The length by which the protuberance 32 is inserted in the recess 22 is larger than the stroke of the vertical movement of the lens barrel 7. In FIG. 3, the lens barrel 7 is at the lower position, and the lower end of the protuberance 32 is close to the bottom of the recess 22. When the lens barrel 7 is at the upper position, the lower end of the protuberance 32 remains in the recess 22.

As described above, a protuberance 32 is provided on the inner periphery of the lower end of the lens barrel 7, a recess 22 to accommodate the protuberance 32 is provided in the main body 2, and the protuberance 32 is disposed in the recess 22 both before and after the vertical movement of the lens barrel 7. Therefore, if foreign matter such as abrasion dust is generated by the sliding of the lens barrel 7 relative to the main body 2, it is hard for the foreign matter to enter the area where the filter 11 and the image sensor 12 are disposed. Therefore, the image obtained in the image sensor 12 is not affected. In addition, the recess 22 and the protuberance 32 are formed so that the sides of the recess 22 and the protuberance 32 face each other with a slight gap therebetween.

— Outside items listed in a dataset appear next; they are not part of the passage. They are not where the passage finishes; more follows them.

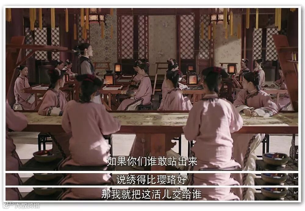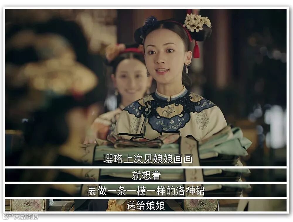 剧中:宫女玲珑嫉妒璎珞得张嬷嬷欢心,设计破坏璎珞给皇后绣的凤袍。璎珞冷静应对,想出办法解除危机并因此得到皇后赏识。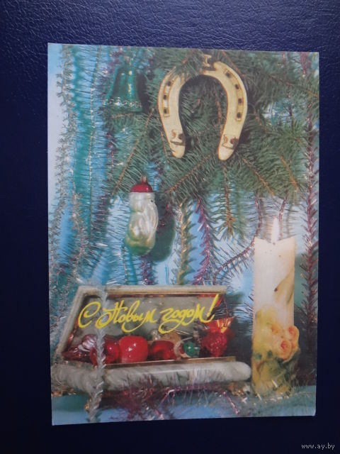 С Новым годом! 1992 г. Свеча, подкова, игрушки. чистая.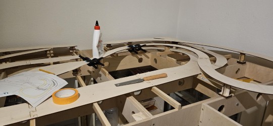 Holzsstützen, die über dem Rahmen des Unterbaus angebracht werden. In den offenen Bereichen werden noch Brücken eingesetzt werden, ebenso im inneren Bereich wird noch ein Stück der Trasse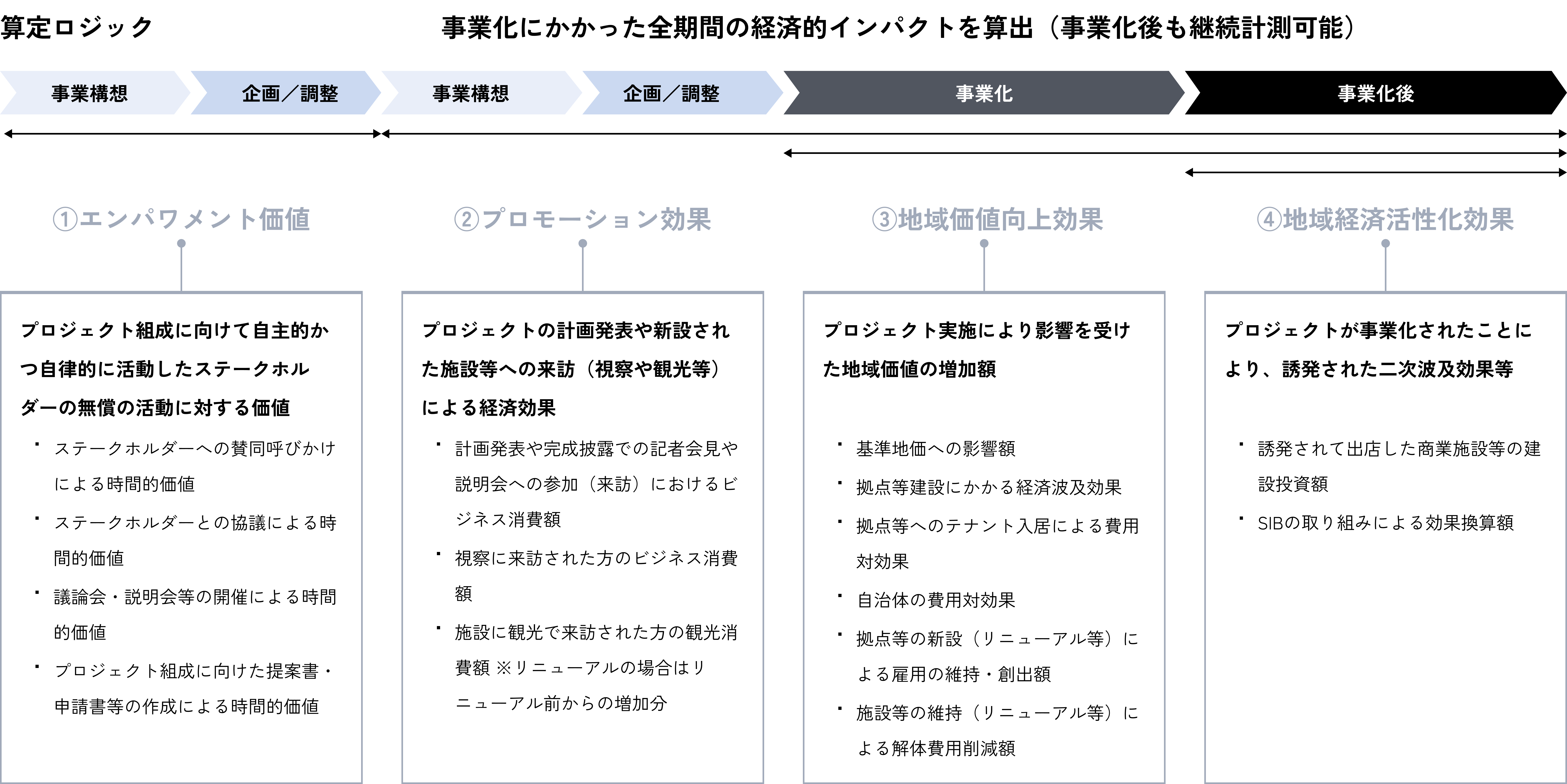 企画段階では、各主体が事業実現に向けて自主的に活動した無償活動の価値(エンパワメント価値)、事業形成段階では視察や観光客増などによる効果(プロモーション効果)を算出します。事業化して以降の効果は、地価への影響を中心とした効果(地域価値向上効果)、近隣への店舗集積などの効果(地域経済活性化効果)を計算し、これら4要素の合計額を「地域との経済的インパクト」として算出します。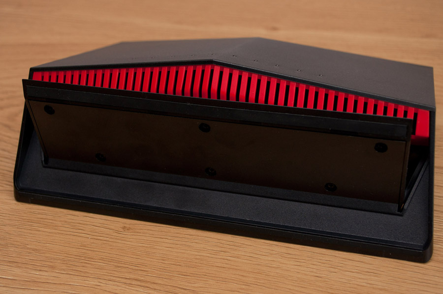 Внешность новичка заметно отличается от других Wi-Fi роутеров ASUS, с которыми нам довелось познакомиться. Очевидно, дизайнеры хотели создать для RT-AX86U запоминающийся образ, и, можно смело утверждать, что это им вполне удалось. Несмотря на солидные размеры 242x100x164 мм устройство не кажется массивным. Три съемные антенны, оснащенные разъемами SMA, увеличивают высоту беспроводного маршрутизатора до 325 мм, но благодаря шарнирам их можно ориентировать в любом направлении. В верхней части передней панели имеется крупная треугольная вентиляционная решетка, а снизу виднеются ламели красного цвета, прикрывающие прорезь для доступа свежего воздуха внутрь корпуса. Помимо того, на лицевой поверхности разместились целых десять светодиодных индикаторов, которое отвечают за отображение статуса работы функции WPS (Wi-Fi Protected Setup), активности четырех портов LAN, подключения WAN и порта 2.5G Ethernet, а также двух приемо-передатчиков Wi-Fi и наличия электропитания. Большая часть тыльной стороны корпуса занята вентиляционной решеткой, поверх которой по диагонали расположился пластиковый стикер со служебной информацией.
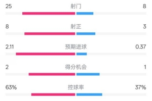 全場(chǎng)比賽數(shù)據(jù)如下(利物浦在前):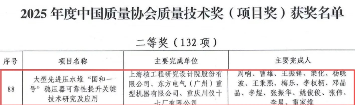 重慶川儀十七廠有限公司(以下簡稱“川儀十七廠”)與上海核工程研究設(shè)計院股份有限公司、東方電氣(廣州)重型機器有限公司聯(lián)合攻關(guān)的“大型先進壓水堆‘國和一號’穩(wěn)壓器可靠性提升關(guān)鍵技術(shù)研究及應(yīng)用”項目,榮獲2025年中國質(zhì)量協(xié)會“質(zhì)量技術(shù)獎”二等獎。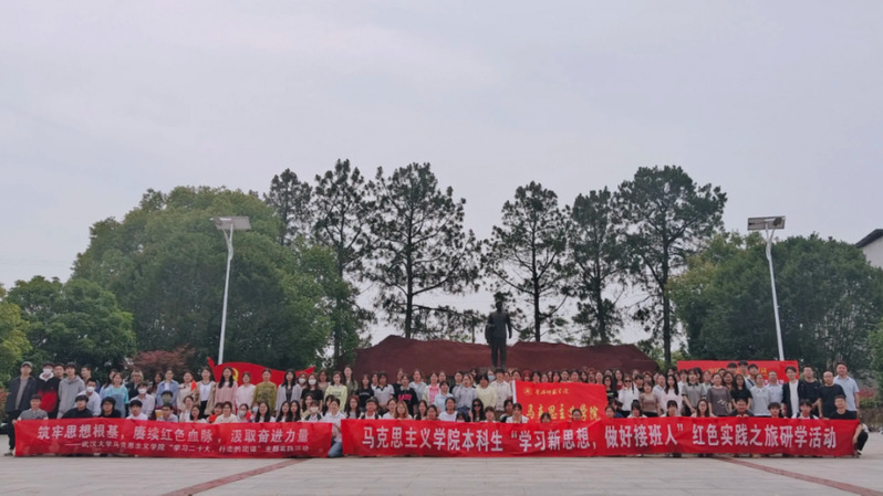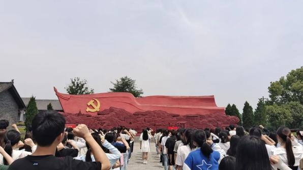 全体师生早晨7:30从公司徒步出发,中午13:30抵达目的地。在陈潭秋烈士雕像前,全体师生默哀悼念。全体青年团员重温入团誓词,用洪亮的声音、铿锵的誓言,表达着自己传承红色基因、赓续红色血脉的坚定决心。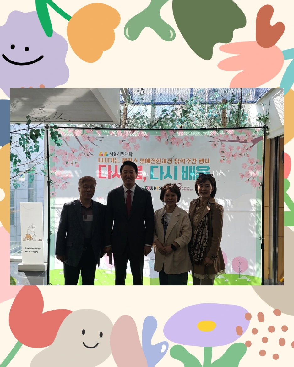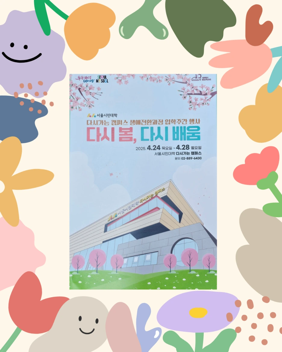 이번 행사는 ‘다시 봄, 다시 배움’이라는 슬로건처럼, 인생의 새로운 배움의 시작을 축하하는 자리였습니다. 장소는 서울시민대학 다시 가는 캠퍼스. 처음 도착한 캠퍼스 건물은 참으로 웅장하면서도 환대의 기운이 가득했어요.

Therefore, it is harder for the foreign matter generated on the outer periphery side of the lens barrel 7 to enter the inside.

In this embodiment, a protuberance 32 is provided on the underside of the lens barrel 7, and a recess 22 is provided in the main body 2. Alternatively, it is possible to provide a protuberance in the main body 2 and to provide a recess in the underside of the lens barrel 7. Also in this case, whether the lens barrel 7 is at the upper or lower position, the protuberance is in the recess. Therefore, although the lens barrel 7 moves vertically, it is harder for the foreign matter generated on the outer periphery side of the lens barrel 7 to enter the inside.

Although embodiments of the present invention have been described above, it is to be understood that the present invention is not intended to be limited to these embodiments, and various changes may be made therein without departing from the scope of the technical idea of the present invention.

Claims

1. A camera module comprising:

a lens barrel holding a lens; and

a main body holding the lens barrel,

the lens barrel being capable of moving relative to the main body in the direction of the optical axis of the lens,

wherein the lens barrel has a protuberance on the underside thereof throughout the circumferential direction,

the main body has a recess at a position corresponding to the protuberance of the lens barrel throughout the circumferential direction, the recess accommodating the protuberance, and

the protuberance is formed so as to have a height such that the protuberance is disposed in the recess both before and after the movement of the lens barrel relative to the main body in the direction of the optical axis of the lens.

2. A camera module comprising:

a lens barrel holding a lens; and

a main body holding the lens barrel,

the lens barrel being capable of moving relative to the main body in the direction of the optical axis of the lens,

wherein the lens barrel has a recess in the underside thereof throughout the circumferential direction,

the main body has a protuberance at a position corresponding to the recess of the lens barrel throughout the circumferential direction, the protuberance being accommodated by the recess, and

the protuberance is formed so as to have a height such that the protuberance is disposed in the recess both before and after the movement of the lens barrel relative to the main body in the direction of the optical axis of the lens.

3. The camera module according to claim 1, wherein the protuberance and the recess face each other with a slight gap between their sides.